## Requirement
Reproduce precisely the lines of the material below from the line containing "Funny cartoon character" up to and including its last line. Pictures must not be copied.

## Information given

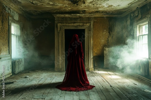 mysterious, figure, red, cloak, fog, abandoned, room, distressed, wall, natural, light, streaming, window, solitude, shadow, eerie, atmosphere, haunting, photo, decor, aethereal, isolation, cinematic, dramatic, composition, stillness, space, indoor, mist, ghostly, fashion, fabric, silence, portrait, beauty, artistic, creative, storytelling, optical, mystery, elegance, enchantment, depth, emotion, narrative, surreal, vintage, element
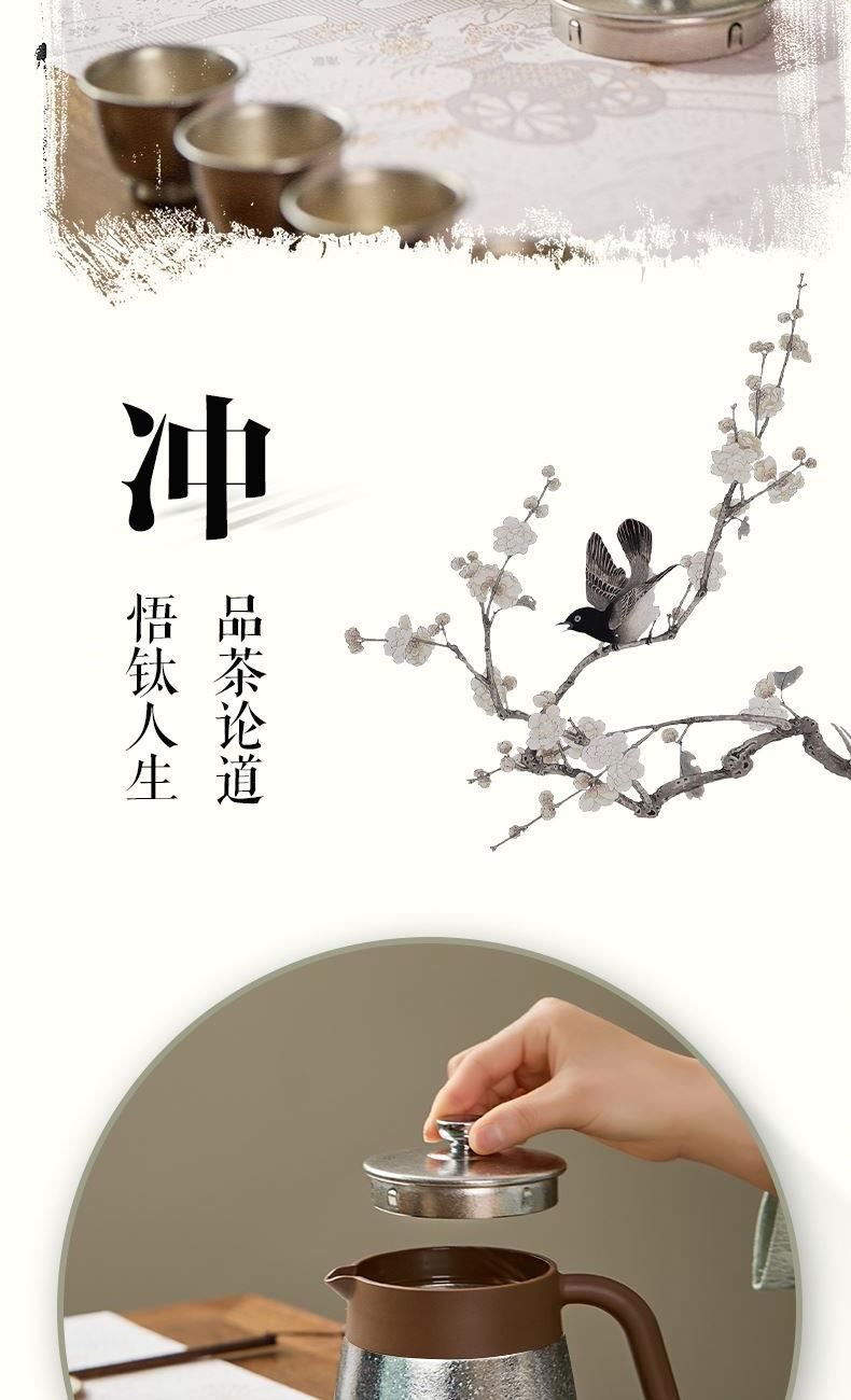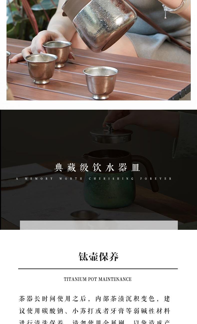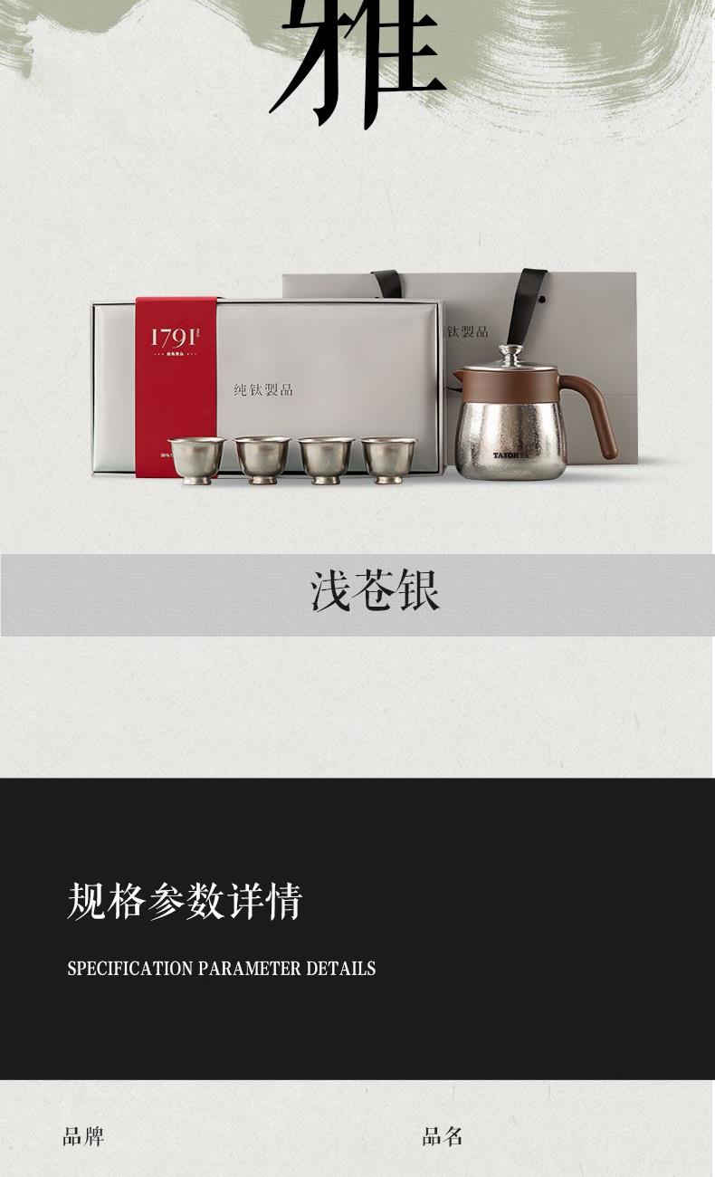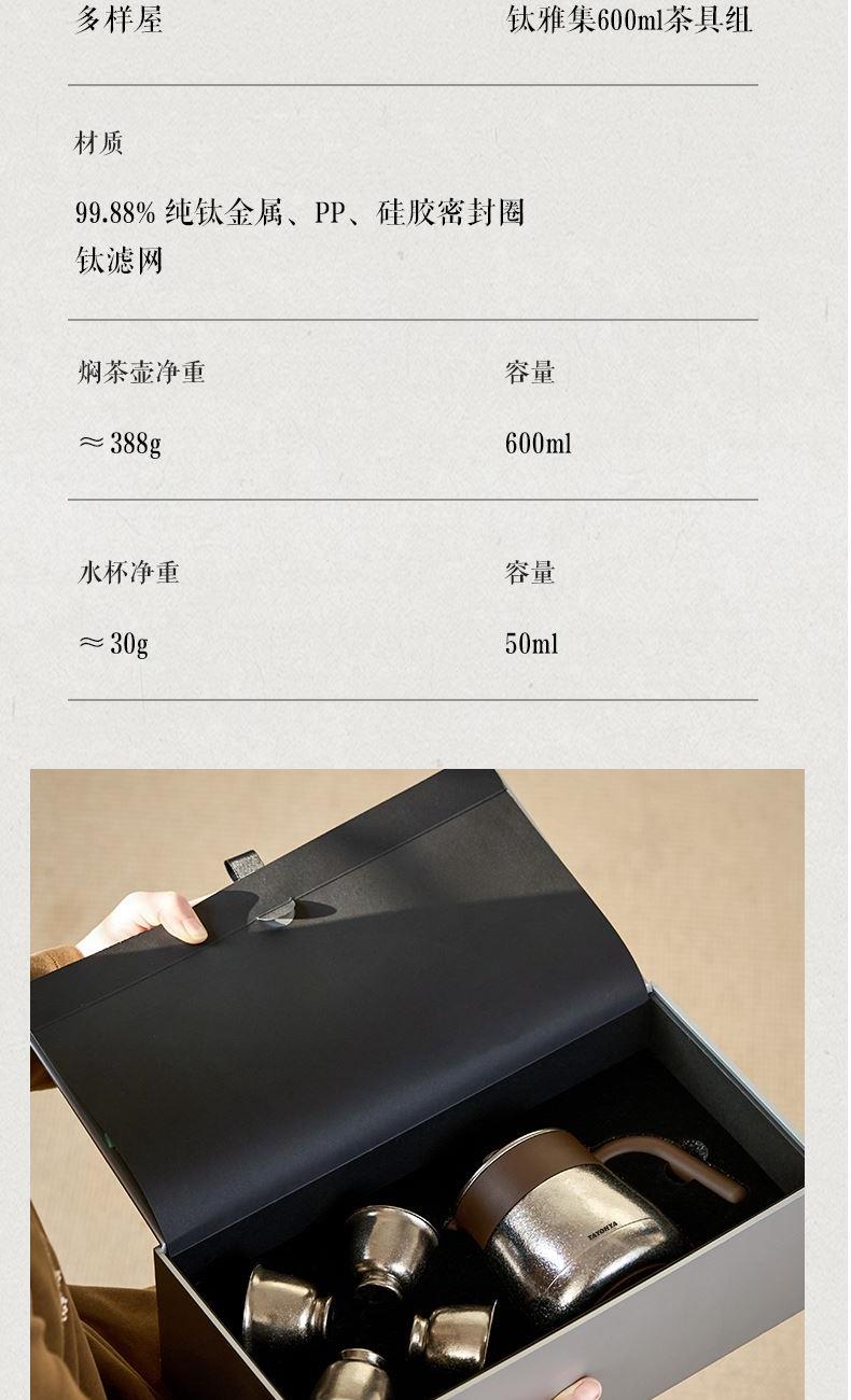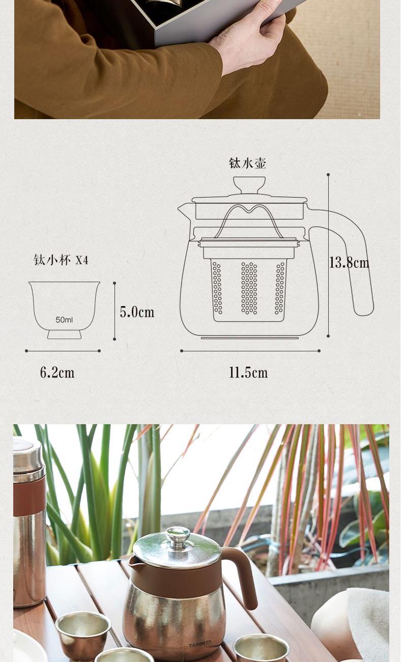产品型号:TA040301064ZZ 颜色分类:钛本色 容 量:600ml 产品配置:焖茶壶X1/茶承X1/小杯X4 装 箱 数:6PCS 金属材质:99%纯钛(Ti) 茶仓滤网:99%纯钛(Ti) 把手材质:食品级PP(聚丙烯) 包装方式:礼盒包装
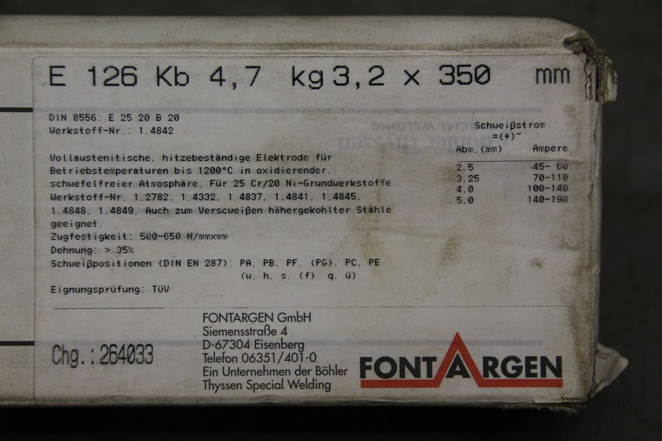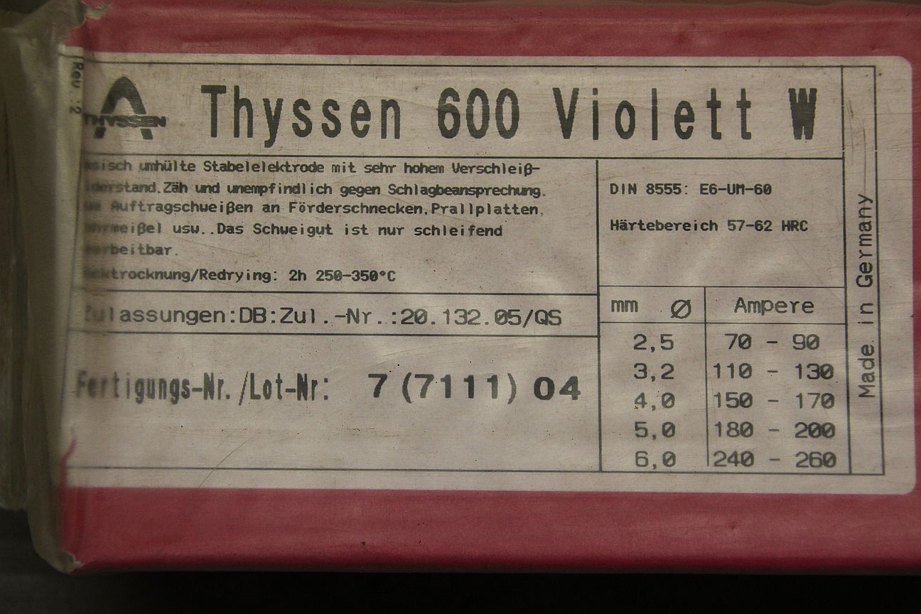 Stick electrodes 4.0 x 450 -Type: Thyssen 600 Violet W -Price: per package -Number: 14 packages available -Weight per package: 6.2 kg
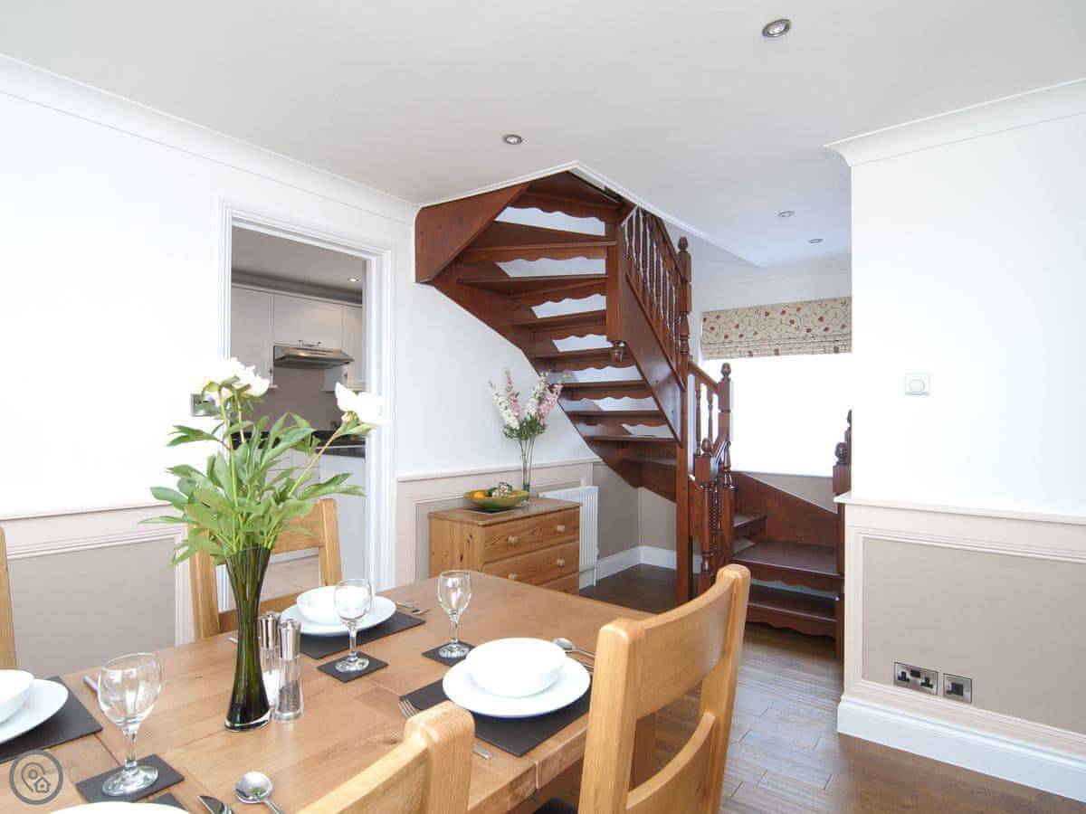 The stairs inside are a bit steep. They're not spiral, but they are cottage stairs and they're open on one side. Just so you know.
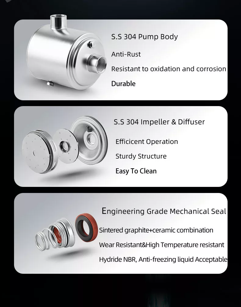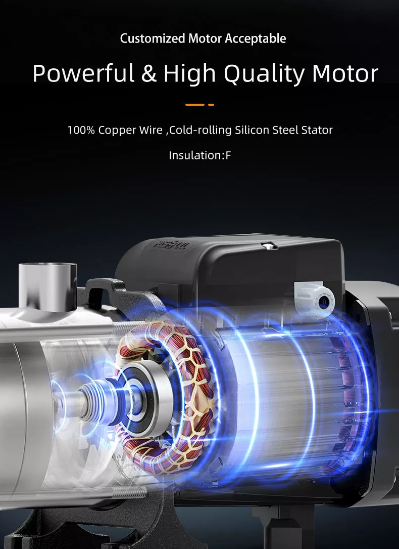Her aşama genel basınç çıkışına katkıda bulunurken, ihtiyacınız olduğunda sabit ve güçlü bir su akışının tadını çıkarabilirsiniz. Bahçenizi sulamaktan aynı anda birden fazla duş çalıştırmaya kadar, bu pompa güvenilir ve tutarlı bir performans sunar.
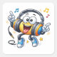 Funny cartoon character wearing oversized headphones, dancing joyfully to music with a big smile and playful hand gestures. Surrounded by colorful music notes, stars, and motion lines, this vibrant illustration captures fun, rhythm, and positive energy. Perfect for music themes, kids designs, stickers, posters, apps, games, playlists, DJ branding, social media, education, and creative digital or print projects.
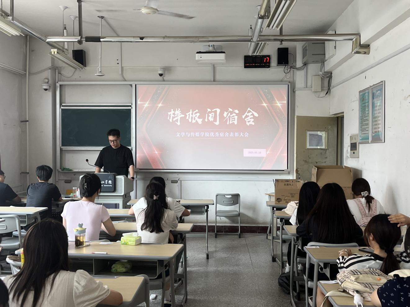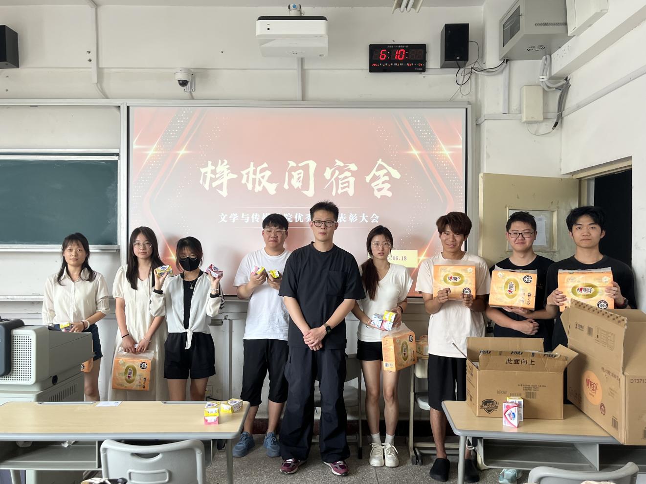 6月18日,文学与传媒学院于新生一部开展样板间宿舍颁奖活动。此次活动由学院团委老师主持,全体获奖宿舍成员参加。
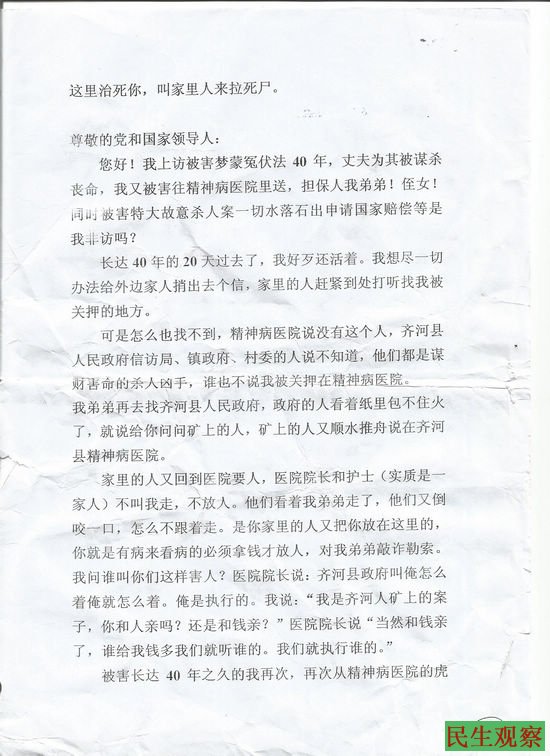 把她送到医院后她就喊,你们不就是为了保护他们贪赃枉法到手的钱财、官职不被查出来才害我的吗?你们还有没有良心?医院院长告诉她是齐河市政府和煤矿保卫科吴科长签的字把你送来的,他们让怎么治我医院就怎么治你。
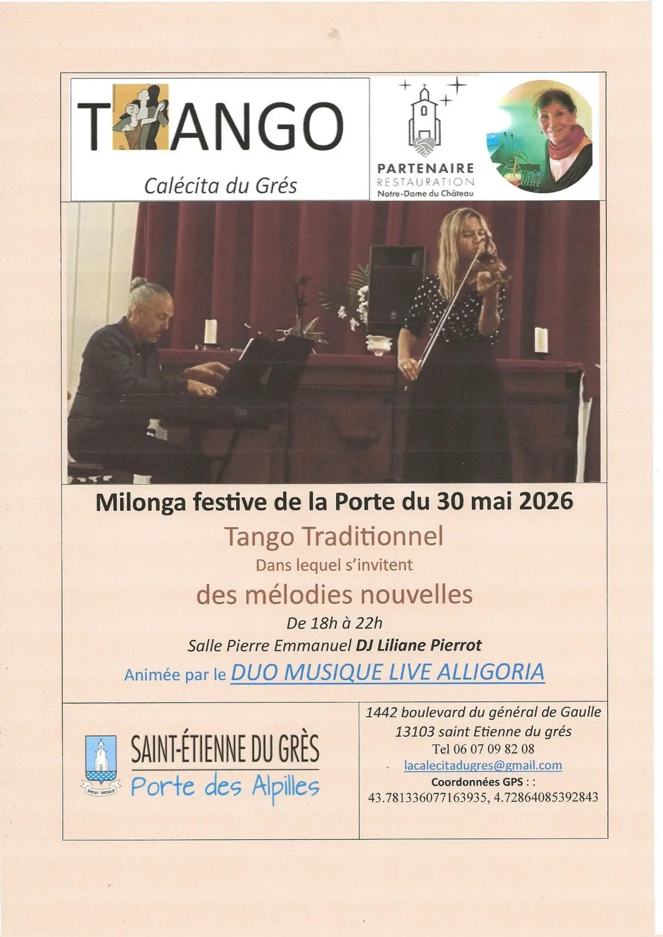 Venez célébrer la florescence du Printemps dans l’atmosphère chaleureuse d’une milonga festive ; Pour cette occasion l’orchestre « Duo musique live Alligoria » agrémentera la soirée (rémunération de l’orchestre au chapeau) Quoi de mieux qu’une musique en live pour danser à deux, dans une salle climatisée

## Expected answer
 Funny cartoon character wearing oversized headphones, dancing joyfully to music with a big smile and playful hand gestures. Surrounded by colorful music notes, stars, and motion lines, this vibrant illustration captures fun, rhythm, and positive energy. Perfect for music themes, kids designs, stickers, posters, apps, games, playlists, DJ branding, social media, education, and creative digital or print projects.
 6月18日,文学与传媒学院于新生一部开展样板间宿舍颁奖活动。此次活动由学院团委老师主持,全体获奖宿舍成员参加。
 把她送到医院后她就喊,你们不就是为了保护他们贪赃枉法到手的钱财、官职不被查出来才害我的吗?你们还有没有良心?医院院长告诉她是齐河市政府和煤矿保卫科吴科长签的字把你送来的,他们让怎么治我医院就怎么治你。
 Venez célébrer la florescence du Printemps dans l’atmosphère chaleureuse d’une milonga festive ; Pour cette occasion l’orchestre « Duo musique live Alligoria » agrémentera la soirée (rémunération de l’orchestre au chapeau) Quoi de mieux qu’une musique en live pour danser à deux, dans une salle climatisée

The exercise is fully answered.